Солнце немилосердно палило, и люди скрывались от жары под тенистыми кронами деревьев. На обочине женщина стояла под деревянным навесом и жарила рыбу в сковородке на очаге. Клубы дыма ровно поднимались вверх с двух сторон, а затем текли в нашу сторону. Тогда мы перешли улицу, пройдя между припаркованным грузовиком и верандой — в открытую дверь я мельком разглядел интерьер дома: на коричневом диване сидели двое мужчин; они о чем-то беседовали, активно жестикулируя, в то время как их обдувал напольный вентилятор с вращающейся головкой. У самой веранды под стол забились коза с козлятами, обложенные черными катышками собственных фекалий.
Наконец мы дошли до дома и остановились у ворот.
— Я сегодня видел, как Абулу прямо во время службы пытался зайти в церковь, — сказал Боджа, пока Икенна готовился отпереть замок, — но он был голый, и его не впустили.
Боджа вошел в число церковных барабанщиков. Играли они посменно, и сегодня был как раз его день. Боджа просидел всю службу возле алтаря и поэтому сумел разглядеть, как Абулу ломится в церковь через заднюю дверь. Икенна тем временем закончил рыться в кармане и выворачивал его, потому что ключ запутался в сплетении ниток из швов и в руки не давался. Изнанка кармана давно потемнела от чернильных пятен, а на землю, словно пыль, сыпалась мелкая арахисовая шелуха. Распутать нитки не получилось, и тогда Икенна просто рванул ключи со всей силой. Карман порвался. Икенна уже поворачивал ключ в замочной скважине, когда Боджа произнес:
— Ике, я знаю, ты веришь в пророчество, но ты ведь понимаешь: мы дети Божьи…
— А он — пророк, — отрывисто парировал Икенна.
Наконец он открыл дверь, а когда вынимал ключ, Боджа продолжил:
— Да, но не Божий.
— Ты-то откуда знаешь? — отрезал Икенна, обернувшись. — Я спрашиваю: ты откуда знаешь?
— Не Божий, и все тут, я просто уверен в этом, Ике.
— Докажи. А? Чем докажешь?
Боджа молчал. Икенна посмотрел куда-то вдаль поверх наших голов. Проследив за его взглядом, мы увидели вдали воздушного змея — тот парил, сотканный из лоскутов полиэтилена.
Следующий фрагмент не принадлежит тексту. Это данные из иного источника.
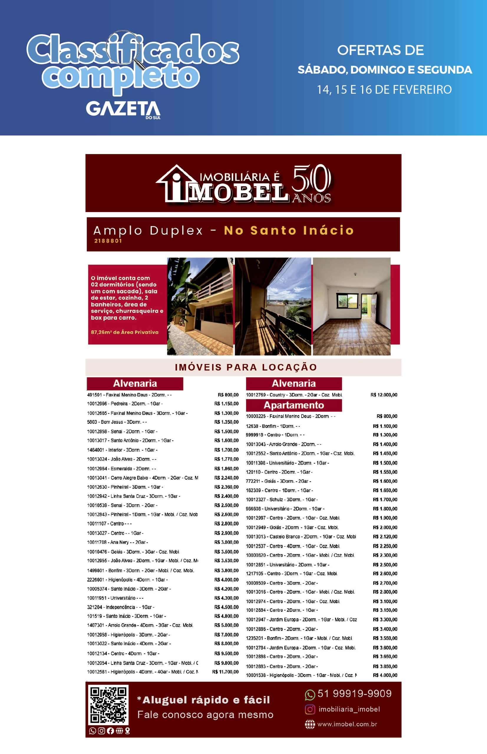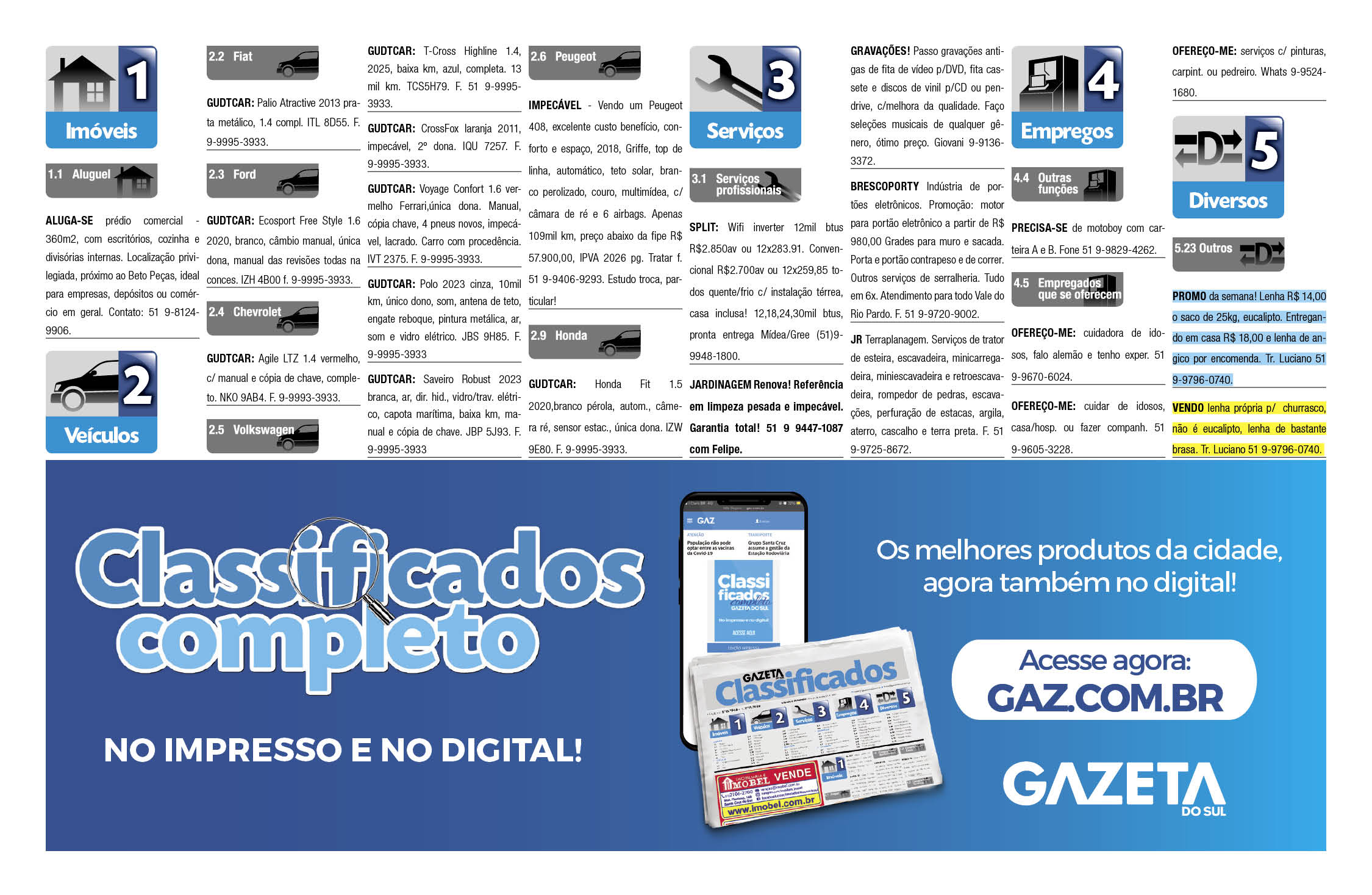 O suplemento de Classificados, que circula nas edições de terças, quintas e sábados, é um dos mais tradicionais da Gazeta do Sul, como vitrine e canal de negócios, de oferta, compra e venda em toda a região central do Rio Grande do Sul. E, para enriquecer pesquisas de produtos e serviços e possibilitar resultado ainda melhor a usuários e parceiros, nos anúncios de clientes cadastrados, o leitor tem acesso direto com link ao site do anunciante, onde poderá verificar mais detalhes sobre os itens. Confira as ofertas:

— Сказанное им не может сбыться, — не сдавался Боджа. — Послушай, он упоминал красную реку. Говорил: ты поплывешь по красной реке. Разве бывают красные реки? — Он развел руками и посмотрел на нас, как бы прося поддержки. Обембе кивнул. — Он псих, Ике. Сам не понимает, что говорит.
Боджа приблизился к Икенне и в неожиданном порыве храбрости положил руку ему на плечо.
— Поверь мне, Ике, поверь, — произнес он, тормоша Икенну, словно пытаясь развалить гору страха, что выросла глубоко в душе брата.
Икенна стоял, потупив взор, и было похоже, что слова Боджи его тронули. На мгновение нам показалось, что есть еще надежда вернуть прежнего Икенну. Как и Бодже, мне захотелось успокоить его, но меня опередил Обембе.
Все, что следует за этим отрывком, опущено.